PROBLEM STATEMENT = Except for the pictures, reproduce the records word for word.

*** Opening DATA SECTION ***

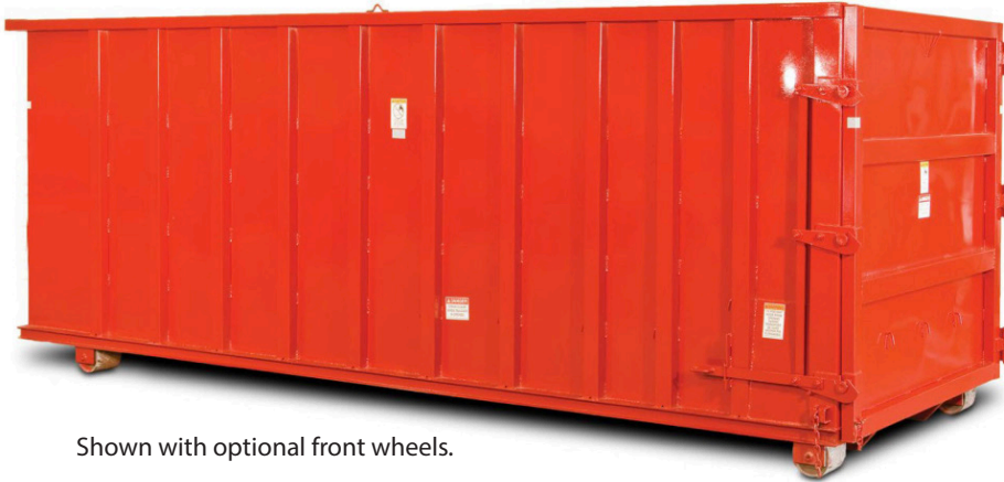
Shown with optional front wheels.

Sizes: 20, 30, or 40-cubic yards (other models available)
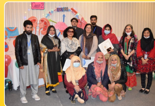
Pathophysiology model's presentation,BSN Year II,Semester III
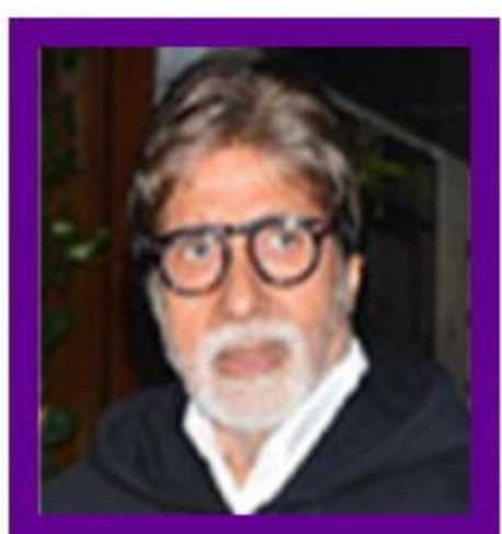
Padma Vibhushan Awardee AMITABH BACHCHAN
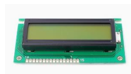
Fig. 6: LCD

It is used to indicate the Air and Humidity in PPM. Fig. 6 shows LCD (16x2).
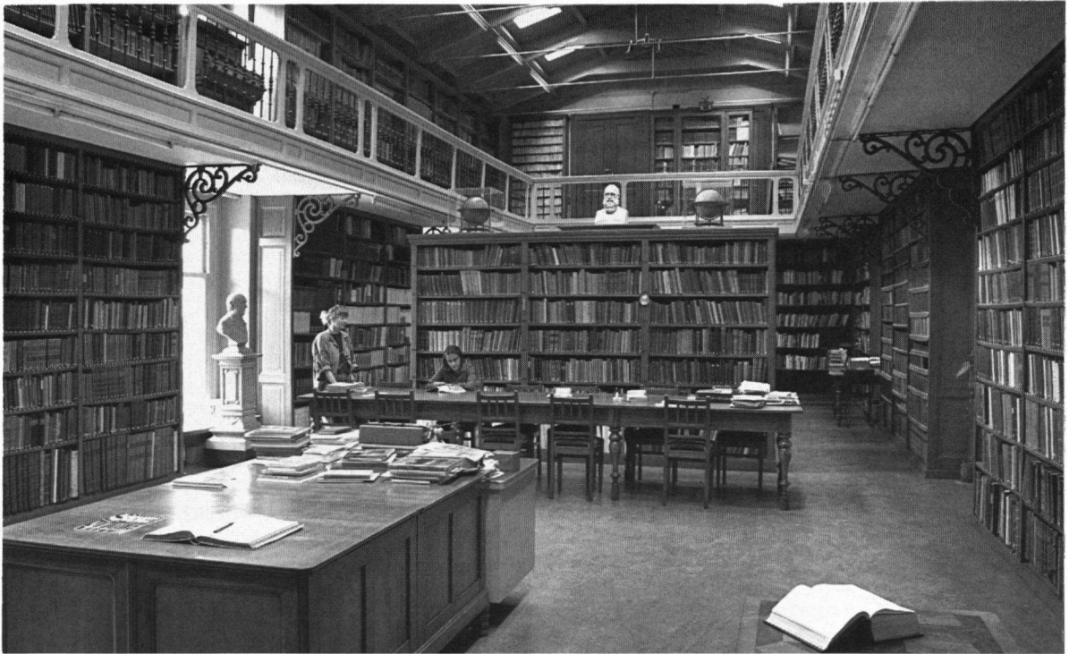
Fig. 3. Reading room of the Artis Library in 1988. The bust on the left represents G. F. Westerman and the one in the middle Charles Darwin.
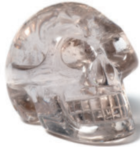
A rock crystal memento mori in the form of a grinning skull. Spanish, seventeenth century. Height: 3.8 cm.
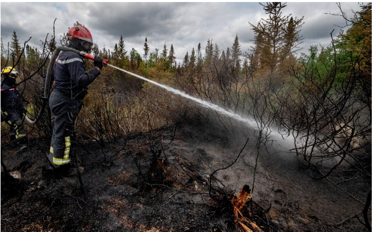
Canada: EU response to wildfires

The EU fosters cooperation and partnerships in several ways. For instance, the EU supports the need to strengthen the international framework for responding to the climate risks of today and the future, and that there is an urgent need to scale up financing, particularly to support the most vulnerable to deal with loss and damages resulting from climate change. Therefore, the EU welcomed the COP28 decision on the operationalisation of the Loss and Damage new funding arrangements and the Fund, to address climate related loss and damage in particularly vulnerable developing countries, while also supporting both the achievement of international goals on sustainable development and the eradication of poverty. The Fund was successfully launched with the European Commission pledging EUR 25 million and individual pledges announced by EU Member States amounting to over EUR 350 million. Equally relevant is the adoption of the UAE Framework for Global Resilience at COP28 and its agreed targets, which provides leverage for enhanced coordination and collaboration between existing structures and climate adaptation processes within and outside the UNFCCC.
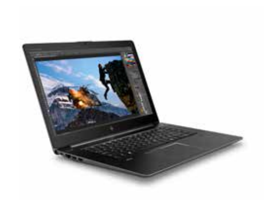
Agency Mobile Workstation (A-MWS) HP ZBook 15 G4 Mobile Workstation
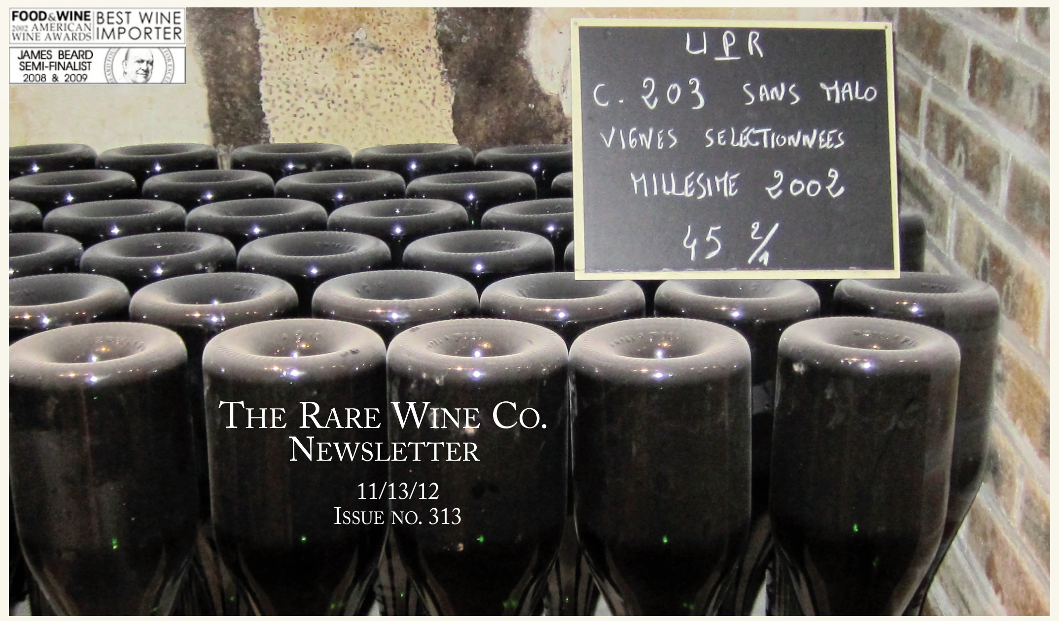
Magnums of Le Mesnil's special 2002 "Sans Malolacqitue" sur pointe. See page 5.
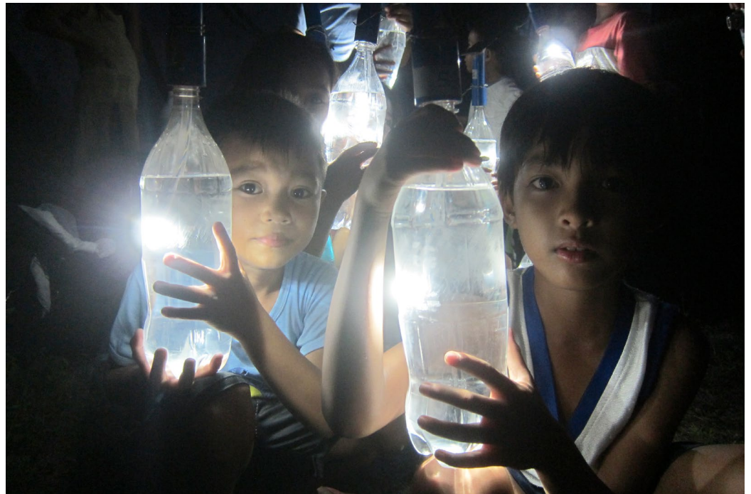
Liter of light
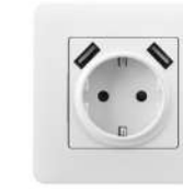
Double USB 2A Socket
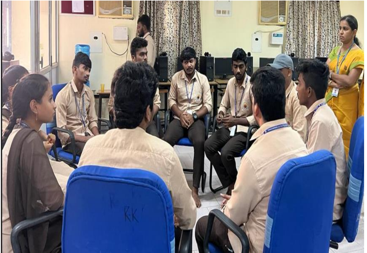
A two day workshop on “Communication Skills” on 29.07.2019 to 30.07.2019
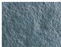
Tandoor Blue Limestone
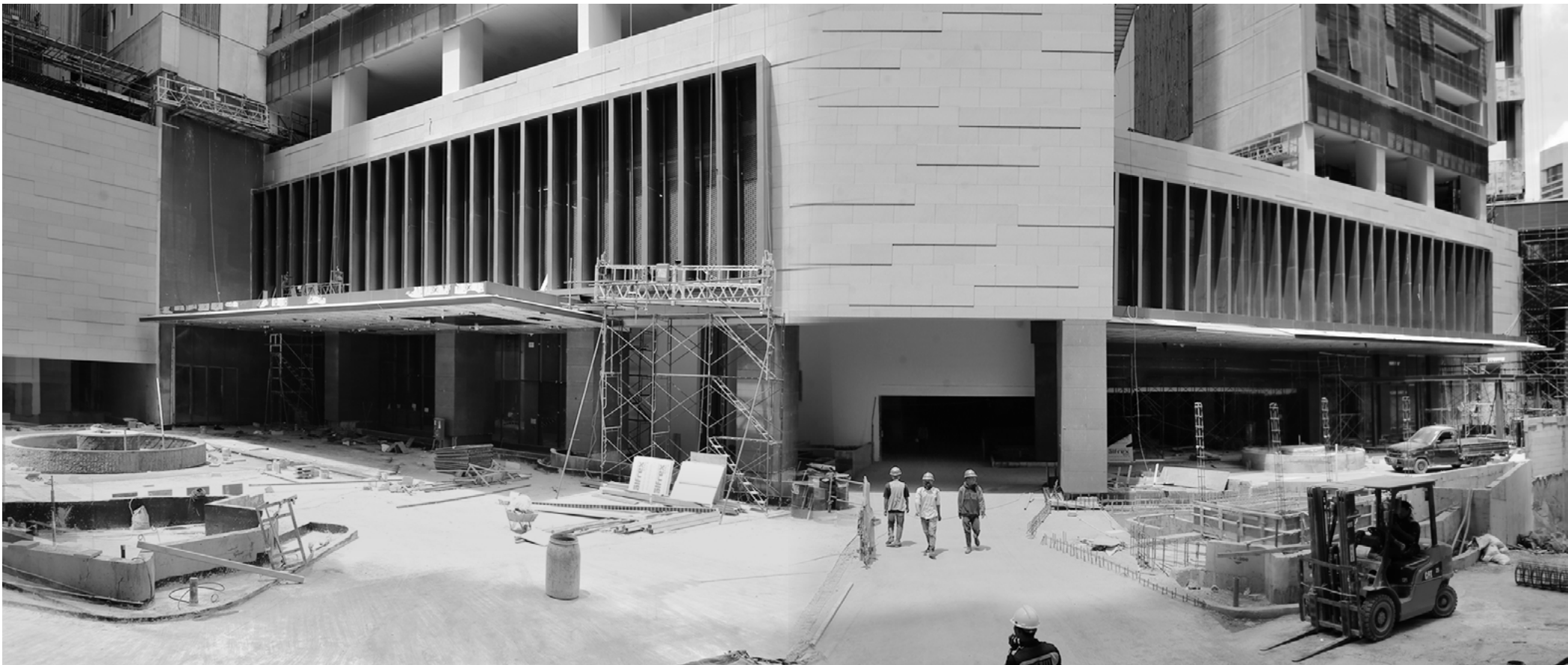
Anandamaya one and tower 2 & 3 drop offs
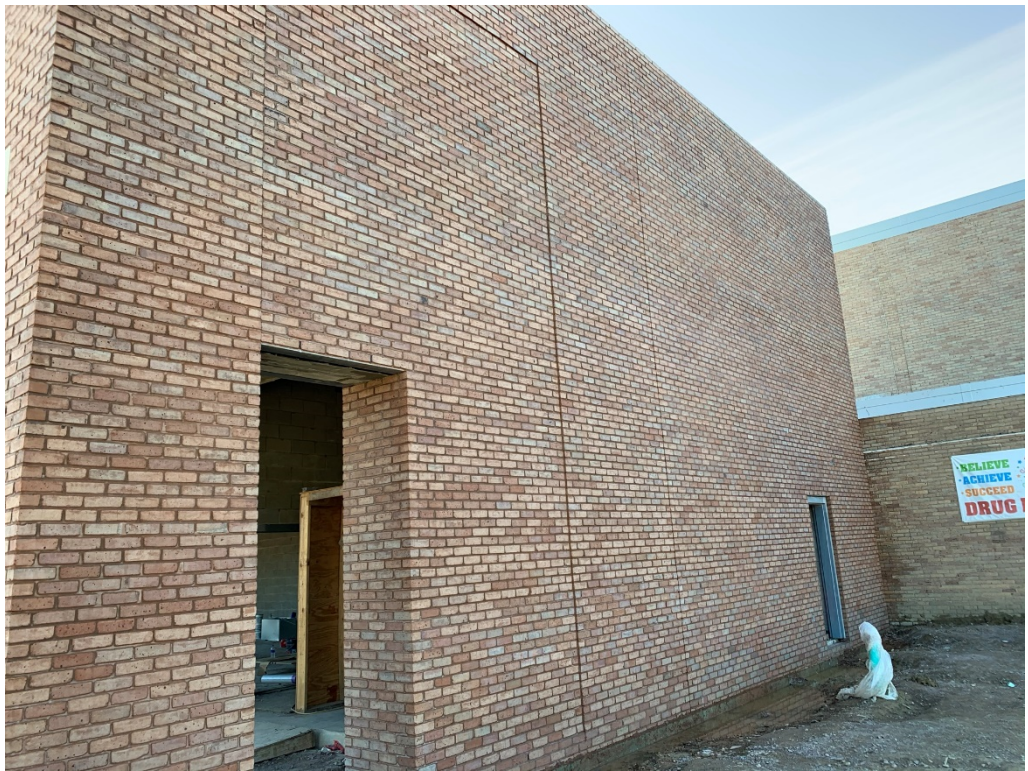
Figure 3 – North Elevation

*** Closing DATA SECTION ***

SOLUTION =
Shown with optional front wheels.

Sizes: 20, 30, or 40-cubic yards (other models available)
Pathophysiology model's presentation,BSN Year II,Semester III
Padma Vibhushan Awardee AMITABH BACHCHAN
Fig. 6: LCD

It is used to indicate the Air and Humidity in PPM. Fig. 6 shows LCD (16x2).
Fig. 3. Reading room of the Artis Library in 1988. The bust on the left represents G. F. Westerman and the one in the middle Charles Darwin.
A rock crystal memento mori in the form of a grinning skull. Spanish, seventeenth century. Height: 3.8 cm.
Canada: EU response to wildfires

The EU fosters cooperation and partnerships in several ways. For instance, the EU supports the need to strengthen the international framework for responding to the climate risks of today and the future, and that there is an urgent need to scale up financing, particularly to support the most vulnerable to deal with loss and damages resulting from climate change. Therefore, the EU welcomed the COP28 decision on the operationalisation of the Loss and Damage new funding arrangements and the Fund, to address climate related loss and damage in particularly vulnerable developing countries, while also supporting both the achievement of international goals on sustainable development and the eradication of poverty. The Fund was successfully launched with the European Commission pledging EUR 25 million and individual pledges announced by EU Member States amounting to over EUR 350 million. Equally relevant is the adoption of the UAE Framework for Global Resilience at COP28 and its agreed targets, which provides leverage for enhanced coordination and collaboration between existing structures and climate adaptation processes within and outside the UNFCCC.
Agency Mobile Workstation (A-MWS) HP ZBook 15 G4 Mobile Workstation
Magnums of Le Mesnil's special 2002 "Sans Malolacqitue" sur pointe. See page 5.
Liter of light
Double USB 2A Socket
A two day workshop on “Communication Skills” on 29.07.2019 to 30.07.2019
Tandoor Blue Limestone
Anandamaya one and tower 2 & 3 drop offs
Figure 3 – North Elevation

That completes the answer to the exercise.